Jon Jenkins - Authorea

The Surface Biology and Geology (SBG) mission is one of the core missions of NASA’s Earth System Observatory (ESO). SBG will acquire high resolution solar-reflected spectroscopy and thermal infrared observations at a data rate of ~10 TB/day and generate products at ~75 TB/day. As the per-day volume is greater than NASA’s total extant airborne hyperspectral data collection, collecting, processing/re- processing, disseminating, and exploiting the SBG data presents new challenges.

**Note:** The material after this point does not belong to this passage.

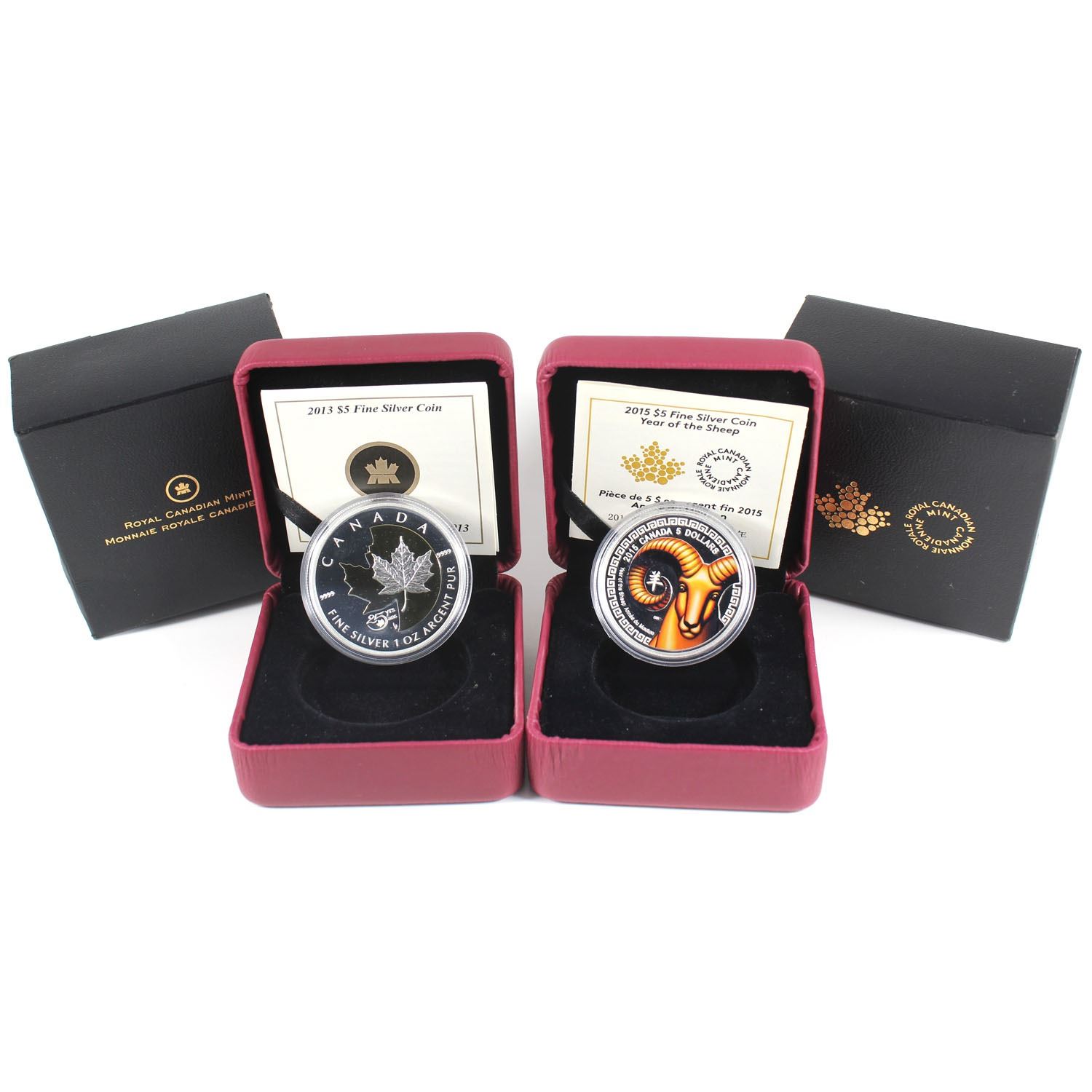 2013 & 2015 Canada $5 Commemorative Fine Silver Coin Set (TAX Exempt). You will receive the 2013 25th Anniversary of the SML with Gold Plating (dented outer box), and 2015 Year of the Sheep. 2pcs.

To address these challenges, we are developing a prototype science pipeline and a full-volume global hyperspectral synthetic data set to help prepare for SBG’s flight. Our science pipeline is based on the science processing operations technology developed for the Kepler and TESS planet-hunting missions. The pipeline infrastructure, Ziggy, provides a scalable architecture for robust, repeatable, and replicable science and application products that can be run on a range of systems from a laptop to the cloud or an on-site supercomputer. Our effort began by ingesting data and applying workflows from the EO- 1/Hyperion 17-year mission archive that provides globally sampled visible through shortwave infrared spectra that are representative of SBG data types and volumes. We have fully implemented the first stage of processing, from the raw data (Level 0) to top-of-the-atmosphere radiance (Level 1R). We plan to begin reprocessing the entire 55 TB Hyperion data set by the end of 2021. Work to implement an atmospheric correction module to convert the L1R data to surface reflectance (Level 2) is also underway. Additionally, an effort to develop a hybrid High Performance Computing (HPC)/cloud processing framework has been started to help optimize the cost, processing throughput and overall system resiliency for SBG’s science data system (SDS). Separately, we have developed a method for generating full-volume synthetic data sets for SBG based on MODIS data and have made the first version of this data set available to the community on the data portal of NASA’s Advanced Supercomputing Division at NASA Ames Research Center. The synthetic data will make it possible to test parts of the pipeline infrastructure and other software to be applied for product generation.